The fourth instruction was as follows:

“ If the jury believe, from the evidence, that after the shooting at the door of defendant’s house, (if the jury believe, from the evidence, there was any shooting at the door of defendant’s house,) Hetherington drove away, and when at or near the fence on the public road he stopped his horse, and was then and there doing no violence and threatening no violence against the person, property, house or family of defendant, and that while said Hetherington was sitting there in his buggy the defendant shot at him from a window in his, defendant’s, house, with intent then and there unlawfully, willfully, feloniously, and of his malice aforethought, either expressed or implied, to kill said Hetherington, then the jury should find defendant guilty.”

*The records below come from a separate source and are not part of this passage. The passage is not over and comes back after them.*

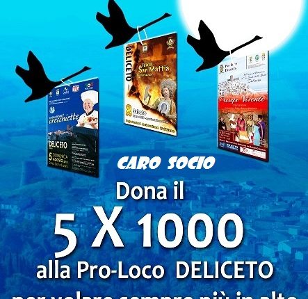 DONA ALLA PRO LOCO IL TUO 5 X 1000- GRAZIE :: NOTIZIE prolocodeliceto.it:: Novità in Paese::Vita Associativa By redazione Last updated 13, Lug 2019 1.554 Share 1.554 Share FacebookTwitterGoogle+WhatsAppE-mailPrint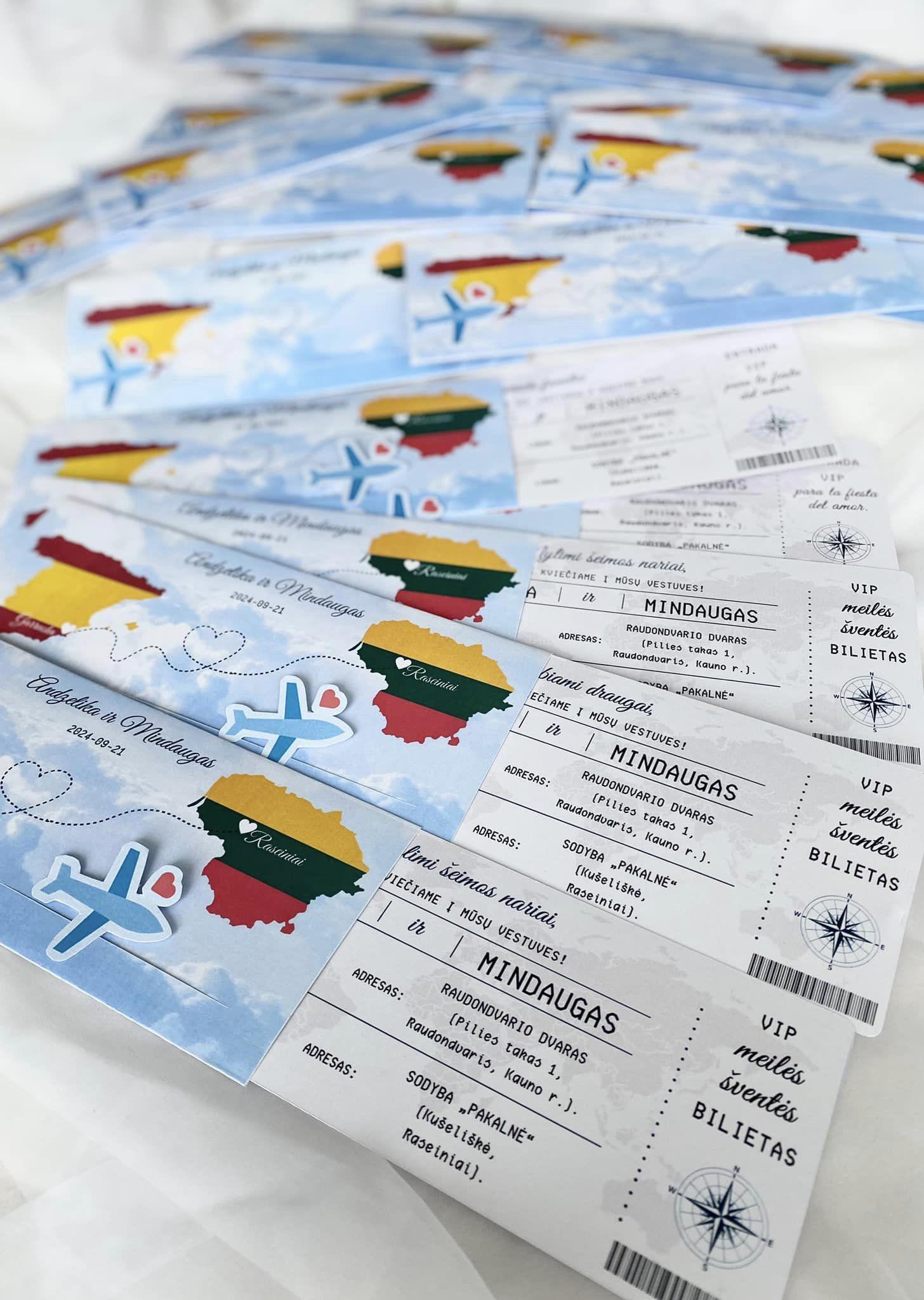 – Visai neseniai gaminau tikrai išskirtinius kvietimus, kurie pareikalavo labai daug laiko juos maketuojant prie kompiuterio, spausdinant pavyzdžius, bandant lankstyti, karpyti. Ne viena dešimtis popieriaus lapų buvo sugadinta, kol pavyko pasiekti galutinį rezultatą. Man parašė jaunoji, kuri yra iš Ispanijos, tačiau savo meilę surado Raseiniuose. Ji – stiuardesė ir prašė, kad kvietime atsispindėtų Ispanija, Lietuva, lėktuvai, tad sukūriau „slide invitation“ (angl.) variantą. Jį apibūdinti labai sunku, jei sudomino, vaizdo įrašus ir nuotraukas su šiais kvietimais galima surasti „Pakviesk mane“ puslapyje.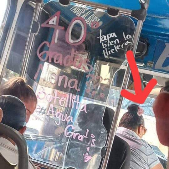 Ante el intenso calor, Paloma decidió ofrecer botellas de agua gratis a sus pasajeros como un gesto de bondad y empatía. Con un mensaje en el vidrio de su camión que dice “¿40 GRADOS NENA? BOTELLITA DE AGUA GRATIS” y una hielera llena de botellas de agua helada, Paloma demuestra que pequeñas acciones pueden marcar una gran diferencia.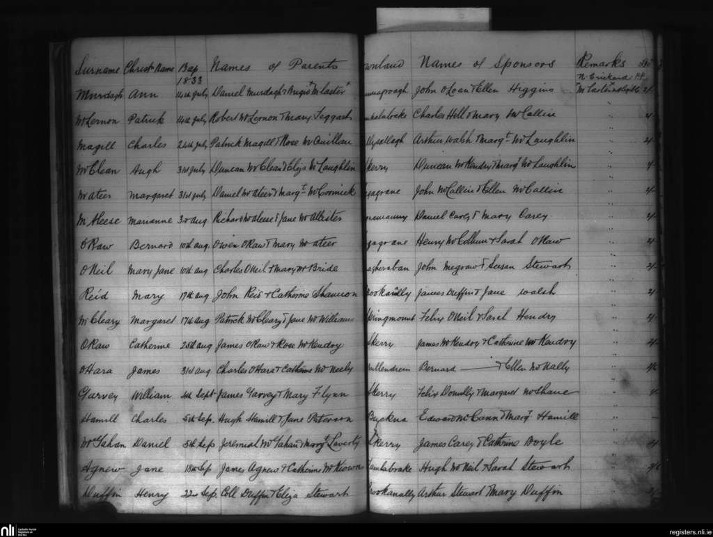 Glenravel; County of Antrim; Diocese of Down and Connor. Baptisms, July 1833 to Sep. 1833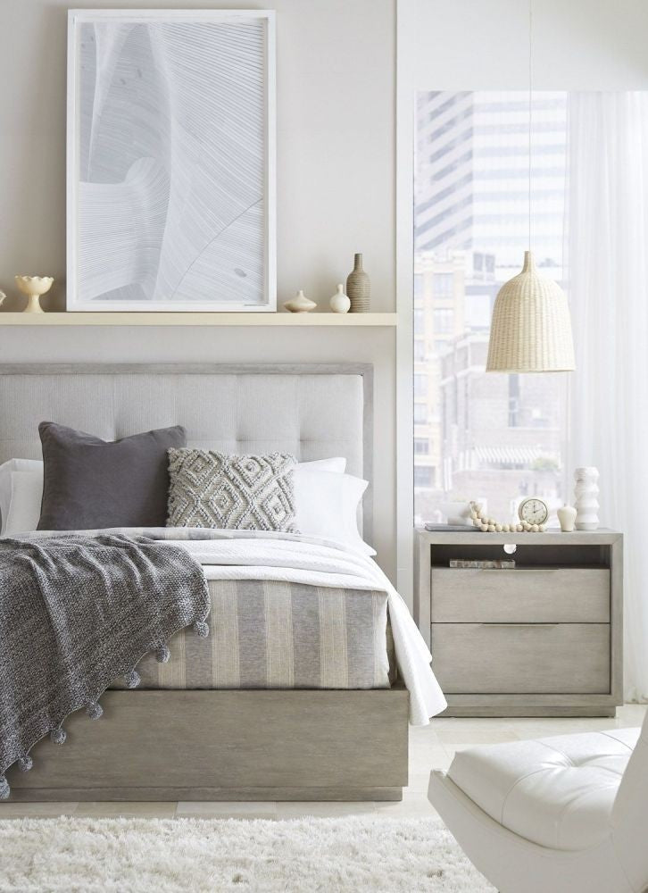 - Button-tufted headboard panel in yarn dyed gray linen, 100% polyester
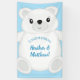 Cute polar bear baby shower cartoon design is great for a winter shower to celebrate a new baby boy on the way with the blue background!

It is objected to this instruction, that it violates the rule which has been laid down by this court that portions of the testimony should not receive undue prominence in this manner in an instruction. Though seemingly somewhat open to this objection, we do not regard it as fatally so, under the circumstances here.

There was a reason for thus distinguishing, as the instruction did, between the two different occasions of shooting, from the fact that it was upon the first occasion alone, where all the alleged circumstances occurred which are claimed as justifying any shooting in self-defence. It is said there is no evidence iu the record that after the shooting at the door “ Hetherington drove away, and when at or near the fence on the public road he stopped bis horse.” As we understand it there was evidence to such effect. All the witnesses agree that at the time of the shooting at the door of the house, Hetherington was inside the yard of the house, and that after that he turned away, a witness on one side saying he stopped by the fence, and one on the other side that Hetherington was outside the fence at the time of the shooting from the window. It is further said that the instruction directs a conviction upon a mere preponderance of evidence, ignoring the question of a reasonable doubt. All the foundation for this is, the omission of the words “beyond a reasonable doubt” after the words “If the jury believe from the evidence.” By the tenth of defendant’s instructions the jury were told that in a criminal case the law requires that the jury shall be convinced, by the evidence, of the defendant’s guilt, beyond a reasonable doubt, before they can convict him, and if not thus convinced it was their duty to find him not guilty. In Peri v. The People, 65 Ill. 19, it was held that such an omission of these words in one of the people’s instructions would not be error where such an instruction as that above was given in behalf of the defendant.

The fifth instruction for the people bears upon the question of presumption as to intent, and correctly states the law in that regard, that every man is presumed to intend the natural and probable consequences of his act, unless a different intent be proven.

• The refusing of the eleventh and twelfth instructions asked by the defendant is assigned for error.